Il s'agit d'abord d'apporter des garanties à des agents qui ont consacré toute leur énergie à des métiers riches de sens et ont aujourd'hui le sentiment d'être méprisés. Ils craignent à juste titre la poursuite de la dégradation de leurs conditions de travail, des réductions d'effectifs et, surtout, de continuer de se heurter à un mur lorsqu'ils voudront nouer un dialogue constructif avec leur hiérarchie.

Votre parcours, bien qu'il témoigne de votre grande connaissance des questions forestières, ne les rassure pas : vous avez occupé au sein du ministère de l'agriculture des fonctions qui vous associent à des décisions ayant contribué à affaiblir l'établissement. Que répondez-vous à ceux qui s'inquiètent à l'idée de vous voir poursuivre la politique désastreuse des précédents directeurs généraux ? Comment envisagez-vous de restaurer la confiance, particulièrement éprouvée ces dernières années ?

Dans le questionnaire préparatoire à votre audition, vous avez indiqué vouloir maintenir les emplois et les compétences au sein de l'ONF tout en attribuant des activités supplémentaires à l'établissement. Comment défendre cette ligne face à une tutelle ministérielle dont vous avez été un rouage essentiel et qui obéit à une logique de diminution des moyens ? Ce sont 2 000 postes qui ont été supprimés depuis 2016, et 500 autres doivent l'être selon le contrat 2021-2025 entre l'État et l'ONF. Le rapport d'information du Sénat intitulé « Feux de forêt et de végétation : prévenir l'embrasement » recommande de revenir sur ces suppressions de postes ; la Fédération nationale des communes forestières (FNCOFOR) comme l'Association des maires ruraux de France encouragent à renforcer les effectifs. Relayerez-vous ces demandes ?

La crise que traverse l'ONF est profonde. Elle touche à son rôle : l'établissement fait l'objet d'injonctions contradictoires de la part de ministères qui ne s'entendent pas. On lui enjoint de produire toujours plus pour assurer sa viabilité économique, tout en réaffirmant ses missions d'intérêt général. La forêt doit à la fois être un objet d'exploitation, un lieu d'épanouissement de la biodiversité et un espace de loisir. Quelle est votre vision des rôles que doit jouer l'ONF ?

La crise est aussi financière. La situation très dégradée de l'établissement à cet égard met sa viabilité en péril. Laisserez-vous poursuivre la privatisation rampante qui conduit à sacrifier de plus en plus les missions de service public au profit de logiques de rentabilité ? Il nous semble par ailleurs essentiel que l'ONF contribue à la relocalisation de l'activité forestière.
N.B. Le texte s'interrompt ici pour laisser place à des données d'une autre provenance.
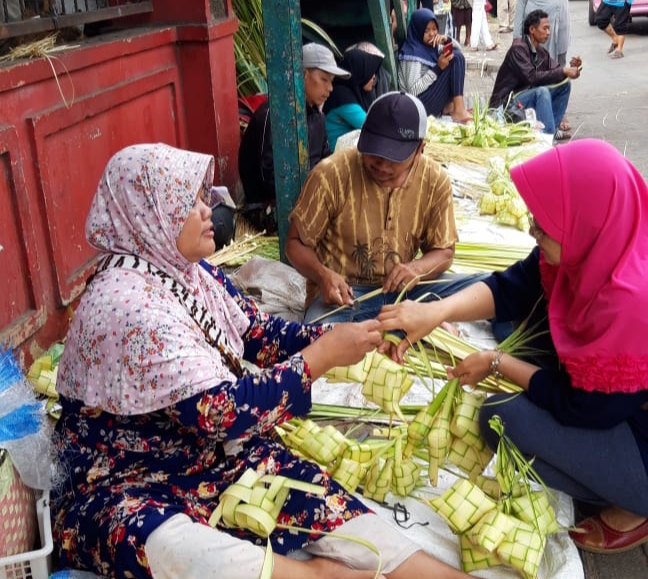 Pedagang Selongsong Ketupat Dadakan Mulai Padati Pasar Karangayu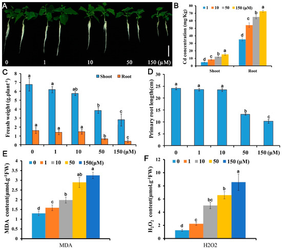 Growth and physiological responses of Cucumis sativus L. to Cd stress. Ten-day-old seedlings were treated with 0, 1, 10, 50, or 150 μM CdSO4 for 10 d (A–D) or 48 h (E,F) and growth and physiological indices were assessed: (A) morphology; (B) Cd content; (C) fresh weight; (D) primary root elongation; (E) MDA content; (F) H2O2 content. Vertical bars represent standard deviation of the mean of three replicates (n = 10–20 seedlings). Significance of differences between the treatments was statistically evaluated by analysis of variance (ANOVA). Different letters on the bars indicate significant difference (p < 0.05) between the treatments.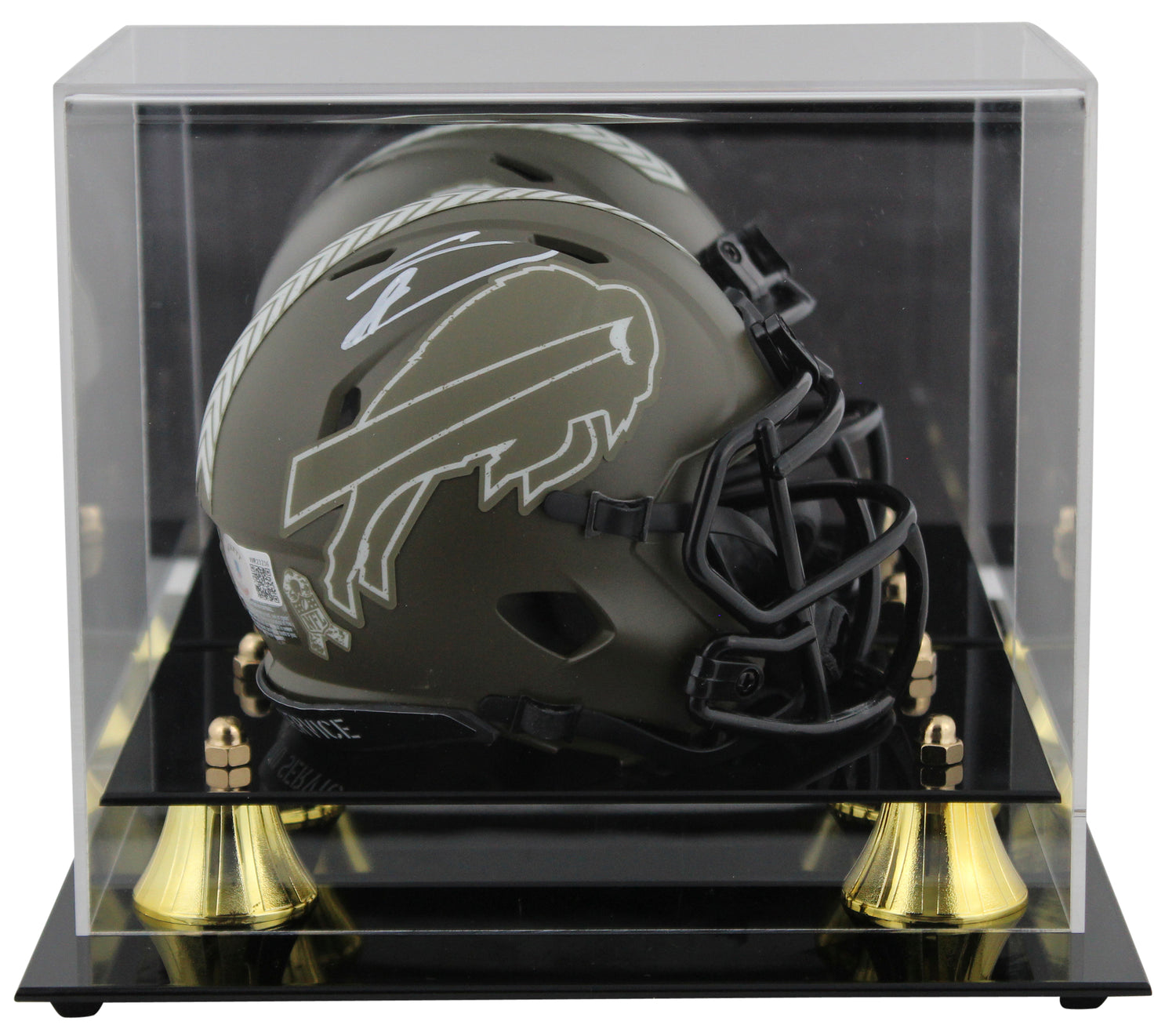 Own a piece of Buffalo Bills history with this Autographed Salute to Service Speed Mini Helmet signed by Stefon Diggs. This exclusive collectible includes a UV Mirrored Back Acrylic Display Case, making it the perfect centerpiece for any football fan or memorabilia collector.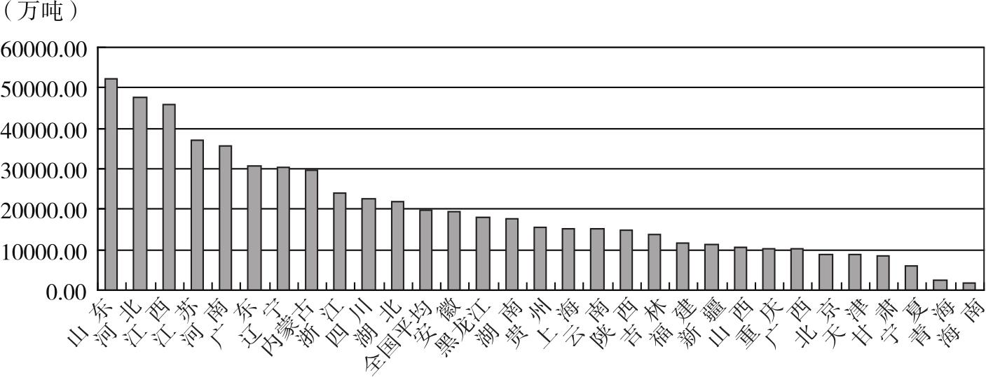 图2.16是我国1997—2011年30个省市地区二氧化碳排放量均值的降序排列图。其中,二氧化碳排放量均值高于全国二氧化碳排放均值的省市地区有:山东、河北、江西、江苏、河南、广东、辽宁、内蒙古、浙江、四川和湖北。排名靠前的前五个省份是山东、河北、江西、江苏和河南,分别占我国二氧化碳排放总量均值的8.71%、8.00%、7.68%、6.21%和5.95%。我国的主要二氧化碳排放大省均为传统工业,能源消费以煤炭为主。二氧化碳排放量排名靠后的五个省份分别是天津、甘肃、宁夏、青海和海南,分别占我国二氧化碳排放总量均值的1.46%、1.44%、0.98%、0.40%和0.30%。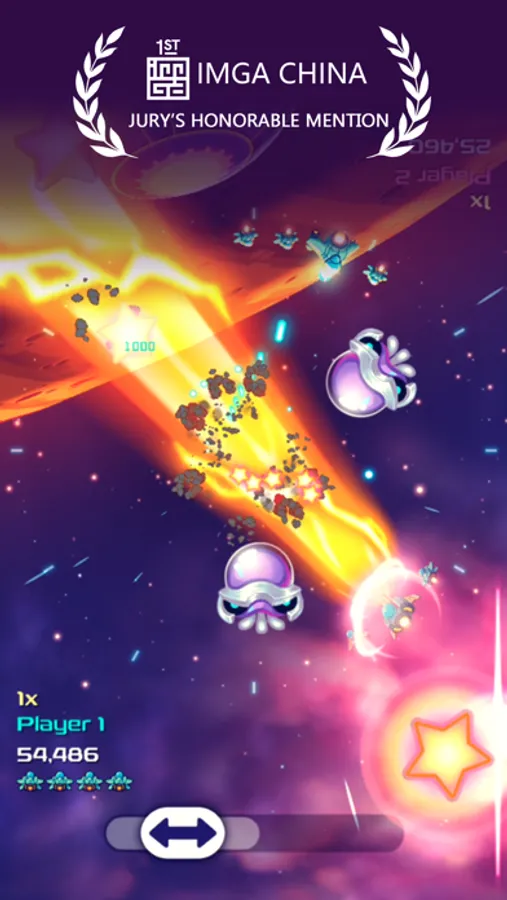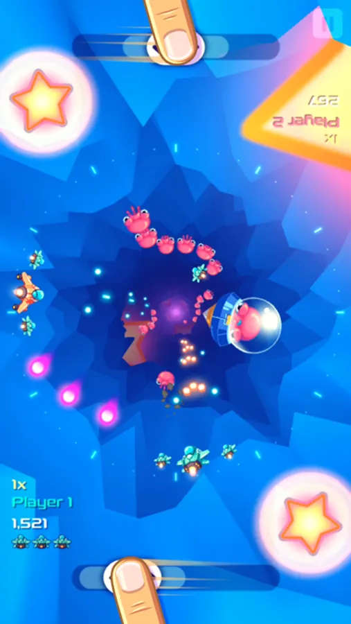 A super fun space shooter with circular rail-shooter gameplay. You can play alone in single-player mode or play with your friends on the same device in co-op mode.

Qu'en pensez-vous ?

Enfin, c'est à une crise de gouvernance que l'établissement fait face. Il nous paraît impératif d'offrir à l'ensemble des usagers de la forêt une vraie place dans la prise de décisions qui concernent ce bien commun. Comment intégrer les riverains et les associations à un dialogue plus large ? Comment améliorer les relations entre l'ONF et les communes forestières ?

Cette audition est l'occasion de vous entendre au sujet de l'ensemble des enjeux qui ont trait à l'avenir de l'ONF. Vos réponses engageront votre responsabilité, notamment touchant la gestion des personnels. Je le répète, les défis que vous devrez relever si vous êtes nommée sont immenses : vous devrez œuvrer non seulement à pérenniser l'ONF, mais aussi et surtout à le renforcer. Vu les circonstances et les précédents, nous serons certainement nombreux à être très attentifs au respect des engagements que vous prendrez devant nous aujourd'hui.